Major US tax filing services such as H&R Block, TaxAct, and TaxSlayer have been transmitting sensitive financial information to Meta when Americans file their taxes online.

The data was sent through widely used code called “Meta Pixel” and included information ranging from names and email addresses to users’ income, filing status, refund amounts, and dependents’ college scholarship amounts.

The information can be used by Meta for its advertising algorithms, according to The Verge and The Markup, and was gathered regardless of whether the person using the tax filing service had a Facebook account or any of Meta’s other platforms. The two publications collected screenshots of the data-sharing in action.

TaxAct has around three million consumer and professional users and also uses Google Analytics on its website. The Markup said it had found similar financial information, but not names, being sent to Google through this tool.

H&R Block embedded a pixel on its site that lapped-up information on users’ health savings account usage and their dependents’ college tuition grants and expenses.

TaxSlayer, meanwhile, sent personal information to Facebook as part of the the social media platform’s “advanced matching” system which gathers online information in order to try and link it to Facebook accounts. The information gathered on TaxSlayer’s site ranged from phone numbers and user names to the names of any dependents on the tax return.

TaxAct and TaxSlayer had “obfuscated” specific demographic information about users but The Markup said it was still usable for Facebook to link a user to an existing profile.

“We take the privacy of our customers’ data very seriously,” said Nicole Coburn, a spokesperson for TaxAct.

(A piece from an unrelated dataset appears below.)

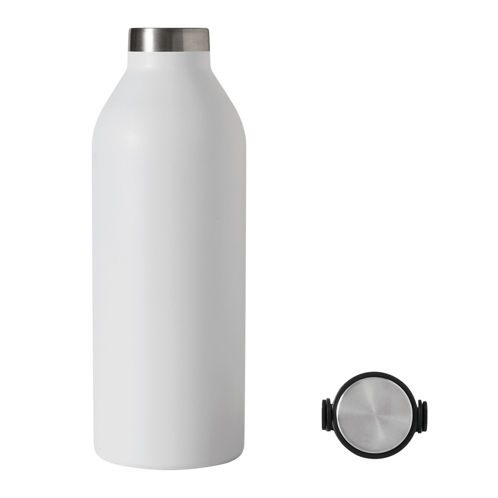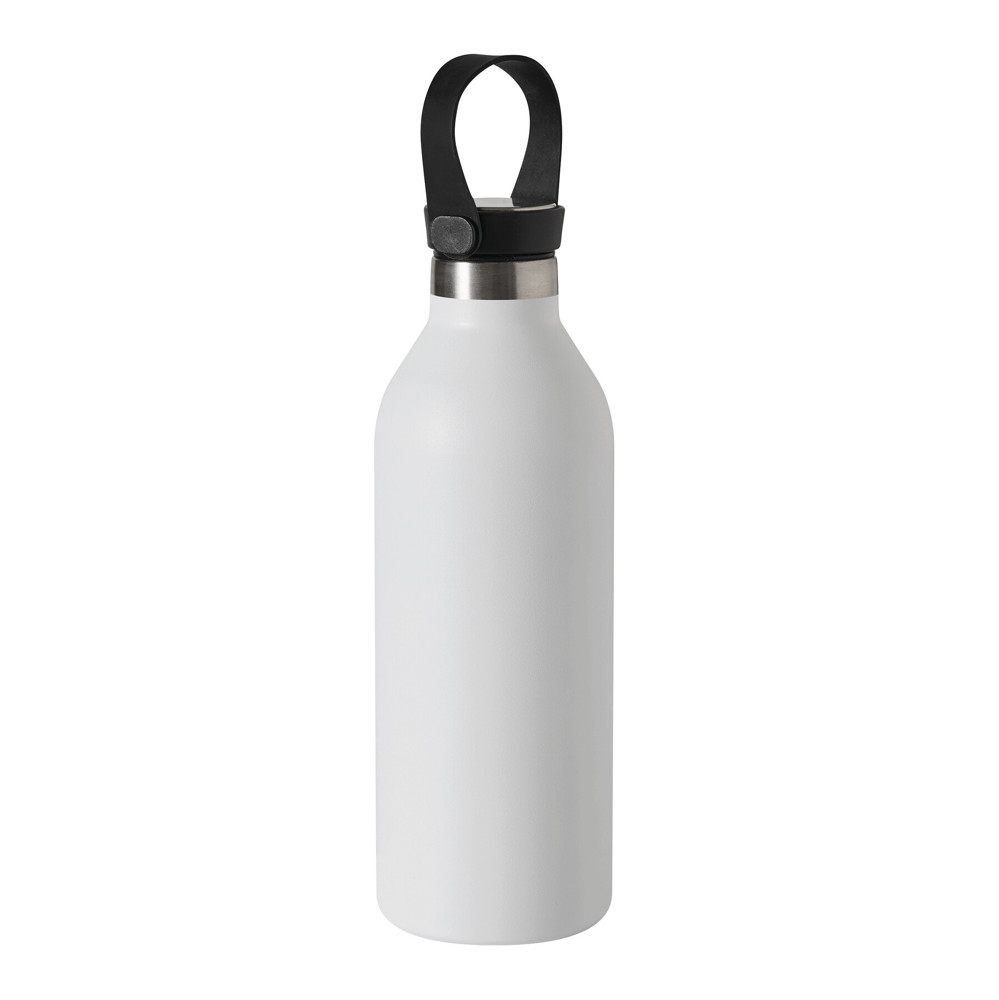 Vacuum insulated bottle STEELLOOP, double-walled: inside and outside made of stainless steel, matte powder coating, plastic lid with secure screw cap and silicone carrying loop, upper lid surface made of stainless steel, capacity approx. 500 ml, keeps warm for approx. 8 hours and cold for up to 12 hours

TaxAct, at all times, endeavors to comply with all IRS regulations.”

Angela Davied, a spokesperson for H&R Block, said the company “regularly evaluated[s] our practices as part of our ongoing commitment to privacy, and will review the information.”

TaxSlayer said that it had removed the pixel from its service to evaluate its use.

“Our customers’ privacy is of utmost importance, and we take concerns about our customers’ information very seriously,” said spokesperson Molly Richardson.

TaxAct stopped sending financial details like income and refund amount to Meta, after it was contacted by The Markup, but continued to send the names of dependents. It also continued to send financial information to Google Analytics. TaxSlayer removed the pixel from its tax filing sites. H&R Block continued to send information on health savings accounts and college tuition grants.

“Advertisers should not send sensitive information about people through our Business Tools,” said Meta spokesperson Dale Hogan in an emailed statement.

“Doing so is against our policies and we educate advertisers on properly setting up Business tools to prevent this from occurring. Our system is designed to filter out potentially sensitive data it is able to detect.”

Jackie Berté, a spokesperson for Google said that the company “has strict policies against advertising to people based on sensitive information” and that Google Analytics data “is obfuscated, meaning it is not tied back to an individual and our policies prohibit customers from sending us. data that could be used to identify a user.”